◆ Stored entries ◆
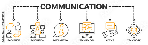 Communication banner web icon vector illustration concept with icon of exchange, discussion, information, technology, advice, and teamwork
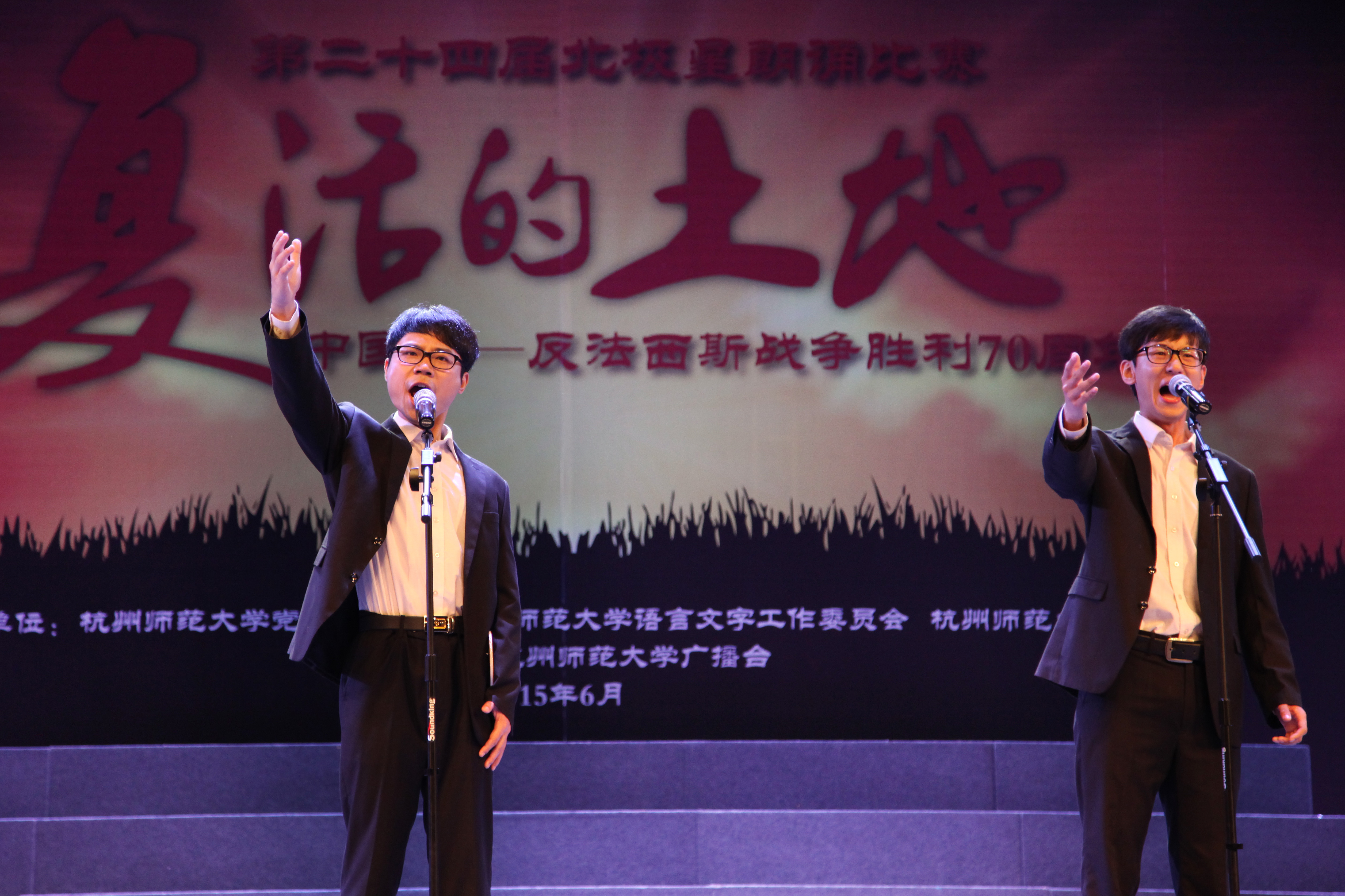 在刚刚落幕的老虎机 第24届北极星朗诵比赛中传来喜讯,老虎机 学子斩获佳绩,其中来自历史131班杨顾超的参赛作品《甲午》获得非专业组的一等奖!来自中文131班王慧乐、中文133班舒靓芫两位同学合作的《碧落黄泉》以及中文131班翟俊《在变老之前远去》均荣获二等奖。本届比赛以纪念反法西斯胜利70周年为主旋律,主题取名“复活的土地”。
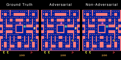 此示例展示了对抗网络如何在多次转弯中保持 Ms. Pac-Man 的清晰表示,而非对抗网络则无法做到这一点:
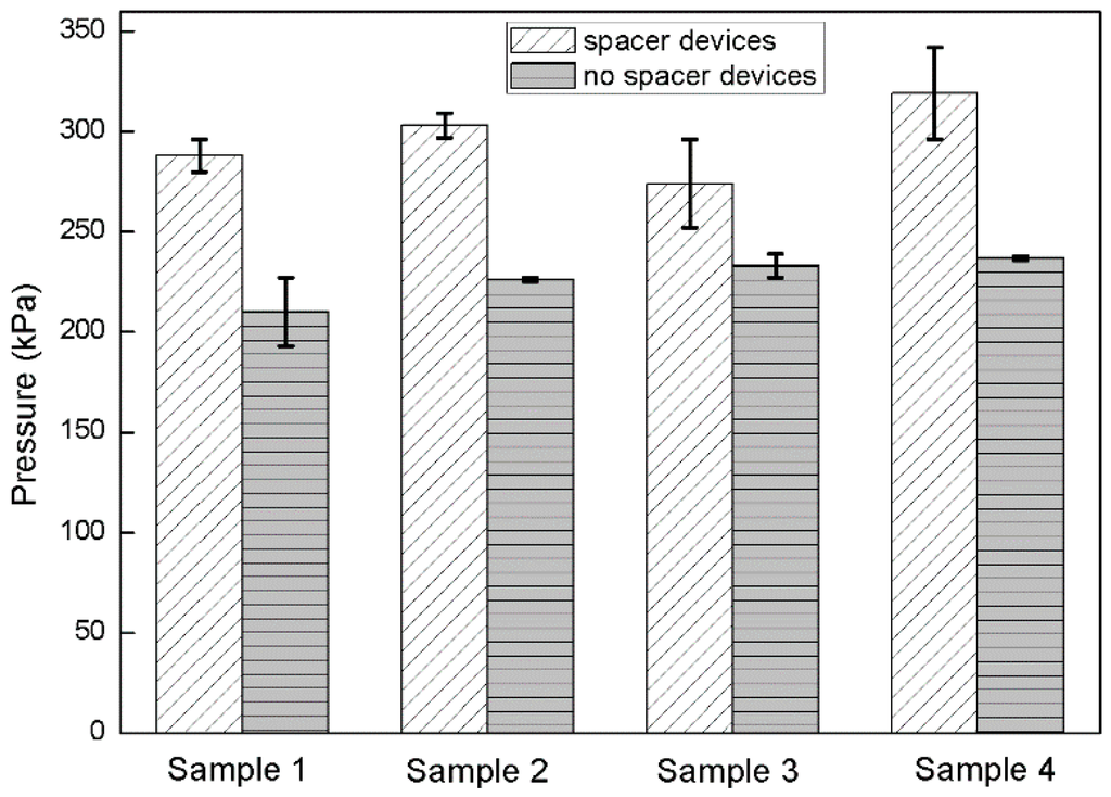 Pressure test of EFD devices with and without spacers. The error bars show the standard deviation from the mean.
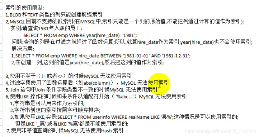 继续上一篇的介绍,这里记录索引使用的限制和创建索引的选择
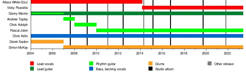 In March 2014, White-Gluz announced that she had been chosen as the replacement for Angela Gossow as frontwoman of the Swedish melodic death metal band Arch Enemy. She also revealed that the group knew it was "over" and that she and they had parted ways. Vicky Psarakis was then revealed as the new lead singer of the group. In April 2017, White-Gluz detailed the circumstances of her departure and how she considered it the "worst betrayal" she'd ever felt in her life.[28] The Agonist later released their own public statement disputing her account, citing unprofessional behavior and a lack of respect for fans and band mates as the reason for her departure, and that the band is "breathing a lot easier" in her absence.[29] Their fourth album, Eye of Providence, was released on February 23. The EP Disconnect Me was released in April. The album Five was released on September 30, 2016.
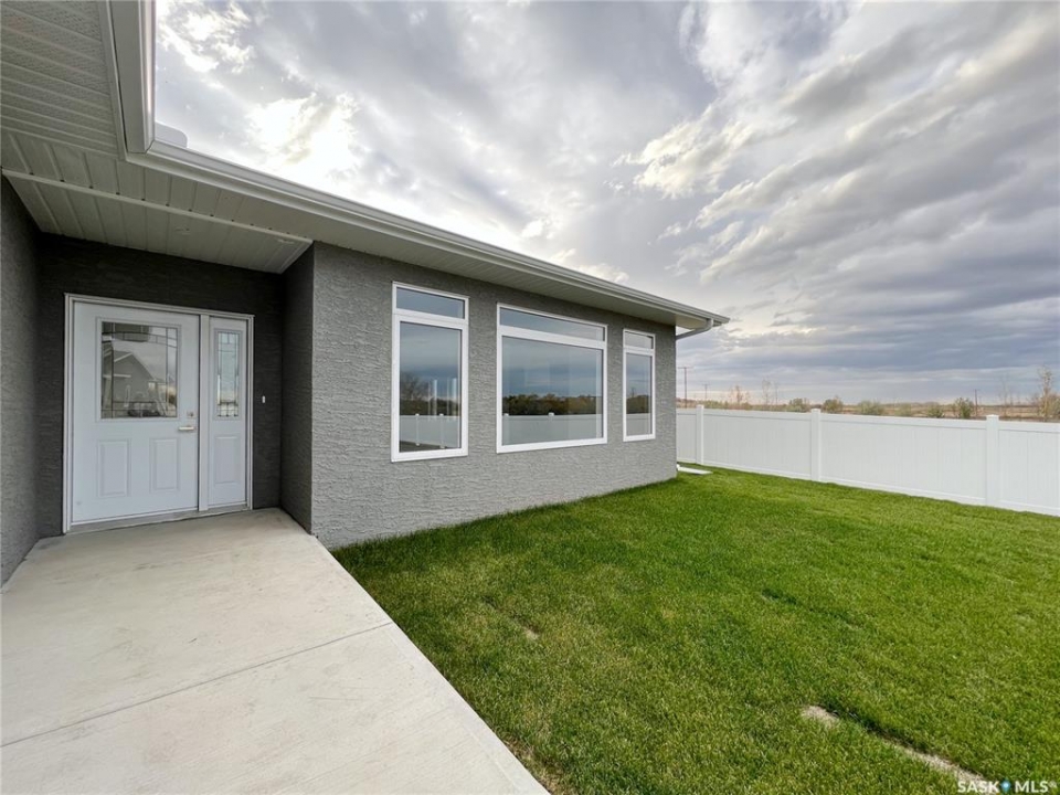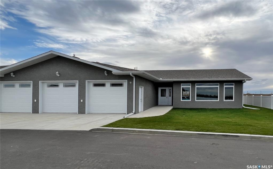 Enjoy the freedom of Northview Estates, built by Hirsch Construction! Upon entering this 2023 development you will notice the street appeal of the low maintenance stucco condos. Bungalow #9 is a stunning 1,846 sq foot condo that perfectly epitomizes modern living, all on one level. The interior offers high end designer finishes, lighting package, quartz counter tops, quality cabinets and flooring, all completed with care and craftsmanship. The 9 ft ceiling and large windows throughout the main floor give the desired bright open feeling one is looking for in a home. The kitchen, dining area, and living room areas are sunny, airy, yet comfortable and cozy with ample space for entertaining. A beautiful gas fireplace, framed with faux rock is situated in the living room, which is wonderful for those chilly winter days. The primary bedroom retreat is large enough for a king bed & includes a walk in closet & the ensuite has a quartz top vanity and walk in shower. The 2nd bedroom could easily be used as an office. An added feature is a bonus room which could be used as a walk in pantry, office, or general storage. The 4 piece bathroom & main floor laundry complete this floor. This home has a low maintenance deck, with no hassle natural gas bbq hookup, perfect for enjoying the view with family and friends. Come home and park your vehicles in an insulated, heated, and drywalled, 36' x 26' TRIPLE car garage, safe from all the elements. Enjoy all that Northview Estates has to offer in one Estevan's newest neighbourhoods. Once condo fees are assessed, they will include all City of Estevan utilities, common area maintenance, snow removal, lawn care, and reserve fund. Items to note: HRV system, central vac plus attachments, Dual Low E Argon windows, central air conditioning, water softener, garburator, soundproof furnace room and interior doors, heated crawl space, underground sprinklers, and visitor parking. New owner can build fence for a private backyard.

◆ PROBLEM DESCRIPTION ◆
The lines needed run from the first line of the records through the line containing "继续上一篇的介绍,这里记录索引使用的限制和创建索引的选择", both included. Restate them word for word, without pictures.

◆ ANSWER SECTION ◆
 Communication banner web icon vector illustration concept with icon of exchange, discussion, information, technology, advice, and teamwork
 在刚刚落幕的老虎机 第24届北极星朗诵比赛中传来喜讯,老虎机 学子斩获佳绩,其中来自历史131班杨顾超的参赛作品《甲午》获得非专业组的一等奖!来自中文131班王慧乐、中文133班舒靓芫两位同学合作的《碧落黄泉》以及中文131班翟俊《在变老之前远去》均荣获二等奖。本届比赛以纪念反法西斯胜利70周年为主旋律,主题取名“复活的土地”。
 此示例展示了对抗网络如何在多次转弯中保持 Ms. Pac-Man 的清晰表示,而非对抗网络则无法做到这一点:
 Pressure test of EFD devices with and without spacers. The error bars show the standard deviation from the mean.
 继续上一篇的介绍,这里记录索引使用的限制和创建索引的选择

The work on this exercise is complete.